2. Peter descubre en la cama a Lois y Bill Clinton. Ella, luego de pedirle disculpas, le dice que se debe acostar con otra para quedar a mano. Peter acepta, pero la mujer que elige es su suegra. Pese a no estar muy de acuerdo, Lois organiza la fantasía de Peter, convenciendo a su madre de participar en el enredo. Lois los deja solos y, cuando está a punto de salir de la casa, Peter la alcanza y le dice que no puede hacer el amor con nadie más que con ella, asegurándole que su infidelidad ha sido perdonada.
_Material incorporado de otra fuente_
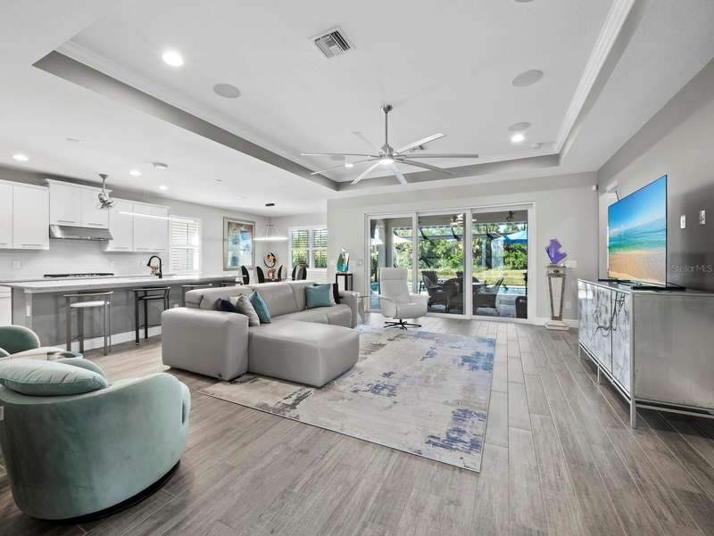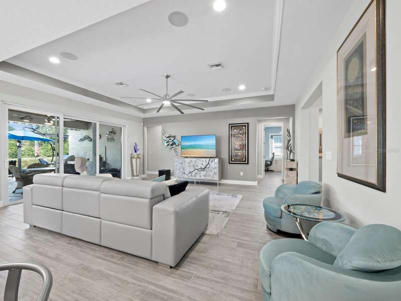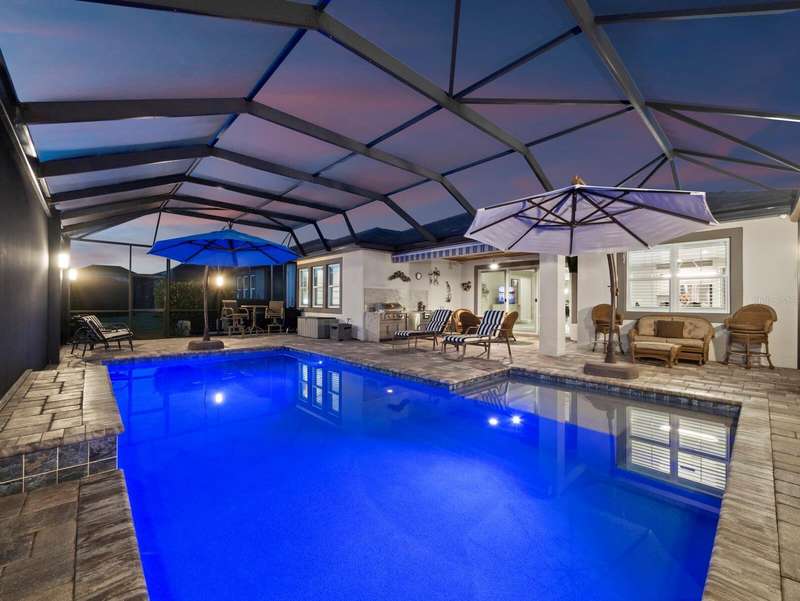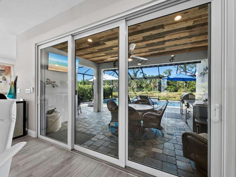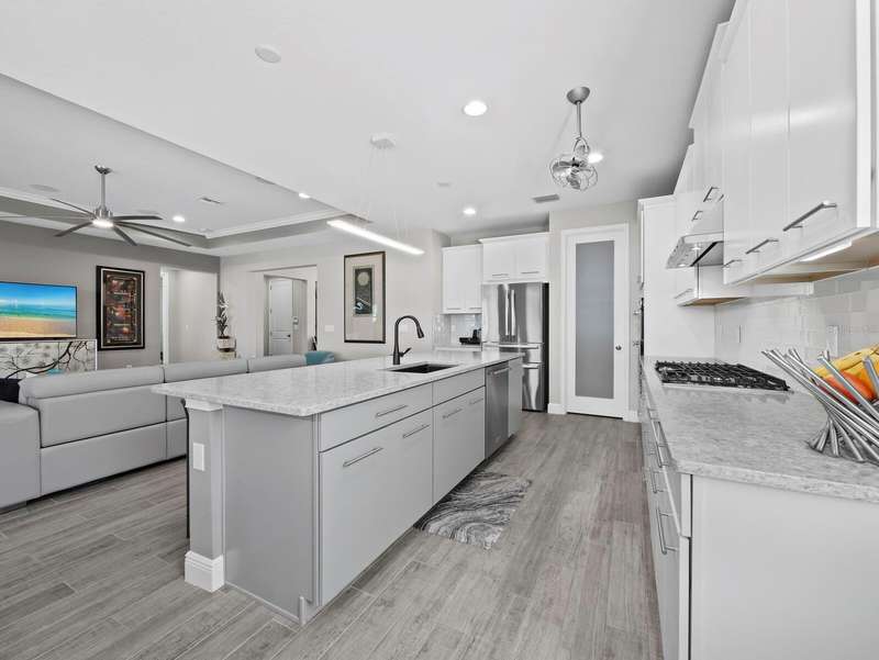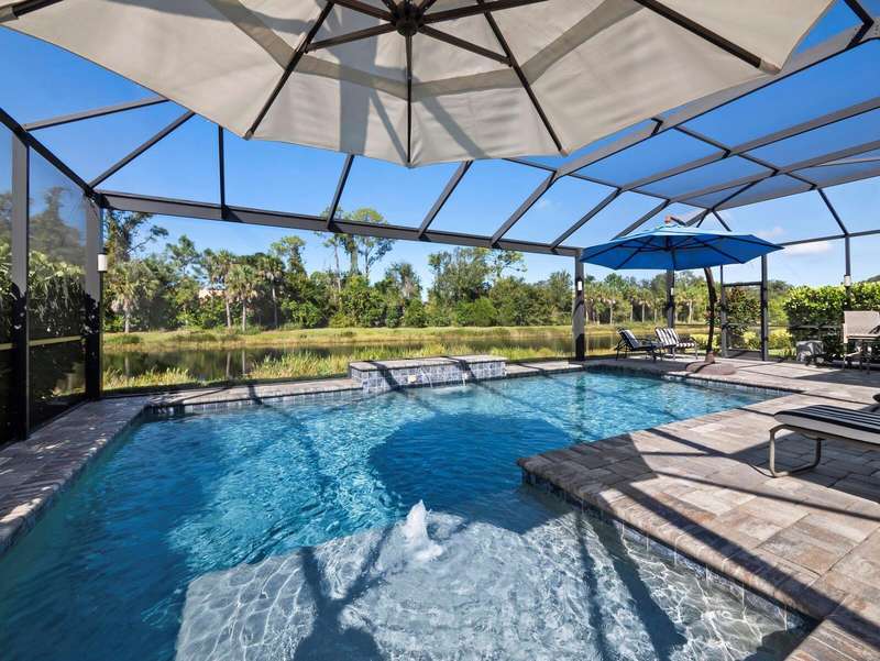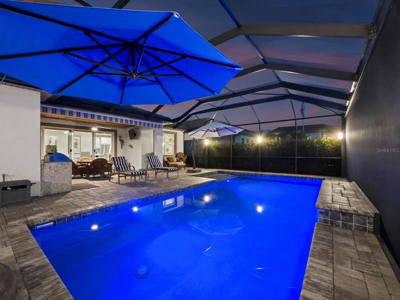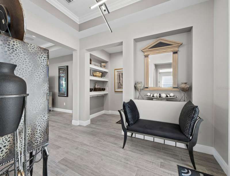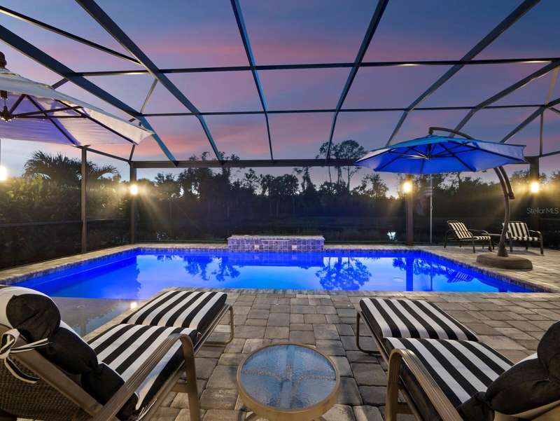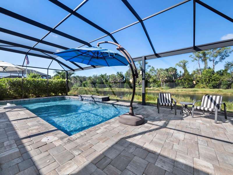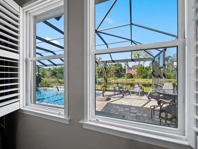 Under contract-accepting backup offers. Built in 2020, this West Indies-style home exudes sophistication with extensive upgrades and stunning natural light. Ideally situated on a lakefront home site, the property offers picturesque preserve and water views. Every high-end detail, meticulously completed in this gated Sunrise Preserve gem, offers immediate luxury upon arrival. The immaculate floor plan includes 2,261 sq. ft. of thoughtfully designed living space, featuring 3 bedrooms, 3 bathrooms, a pool, and 3-car split garage with epoxy floors and upgraded paver driveway. Lush, tropical landscaping accented by hard wired LED lights provide impressive curb appeal. The welcoming front entrance sets the stage leading into the home with commanding views. Upon entering through the striking glass front door, the tone is set for the entire space. The large interior open layout features 9-10 ft ceilings paired with tray ceilings and crown molding, adding to the sense of spacious elegance. Plank tile floors flow throughout the home, complemented by tasteful designer touches such as upgraded light fixtures, plantation shutters, custom storage closets, and ceiling fans. Adjacent to the great room, a gourmet kitchen includes sleek cabinets, upgraded stainless steel appliances, and a generous walk-in pantry with a frosted glass door. Premium quartz countertops extend to a spacious island featuring an upgraded kitchen sink for both style and practicality. The dining room seamlessly blends entertaining with amazing outdoor views. The screened-in lanai enhanced with additional lighting, creates an appealing transition from the great room through the hurricane impact sliding door. Step outside to the custom saltwater pool complete with colored lights, fountain bubbler, motorize sunshade, and a one-sided automatic privacy screen. A pool lounge area atop pavers and a summer outdoor kitchen completes this idyllic space for relaxing while enjoying tranquil lake views. The spacious primary suite features a well-appointed bathroom, with a large walk-in custom closet. Highlights of this luxurious en-suite bath include split dual vanities, premium granite countertops, and large walk-in shower with a bench. The split floor plan provides two additional bedrooms with custom closets and spa-like baths. The third bedroom can easily transform into an office with the custom desk, adding versatility to the home. The spacious laundry room designed for convenience, offering a barn door with frosted glass, lower cabinets with a utility sink, and two storage closets. Further upgrades include impact windows, hard-wired security package with two cameras, split AC systems, whole house natural gas generator, house surge protector, a 5.1 surround sound system, and a freshly painted interior (2023). The HOA fee includes complete landscape maintenance. Situated in the Gated Sunrise Preserve at Palmer Ranch, residents enjoy an affluence of amenities that exemplify resort-style living. These include a large clubhouse with a fitness center, yoga room, a spectacular heated pool and spa, bar lounge area, bocce ball, tennis courts, and more. This community is conveniently located near fabulous Gulf beaches, shopping, fine dining, medical facilities, and top-rated schools, providing a truly upscale living experience.

El episodio finaliza mostrando a Bill Clinton y Peter en la cama; éste último dice: “Realmente eres bueno”. El giro ácido profana los valores inculcados y defendidos por el “establishment”, además de sacar ronchas a los moralistas, homofóbicos y demás; no obstante, es incapaz de amargar la dulzura del hogar ni corroer los cimientos del matrimonio.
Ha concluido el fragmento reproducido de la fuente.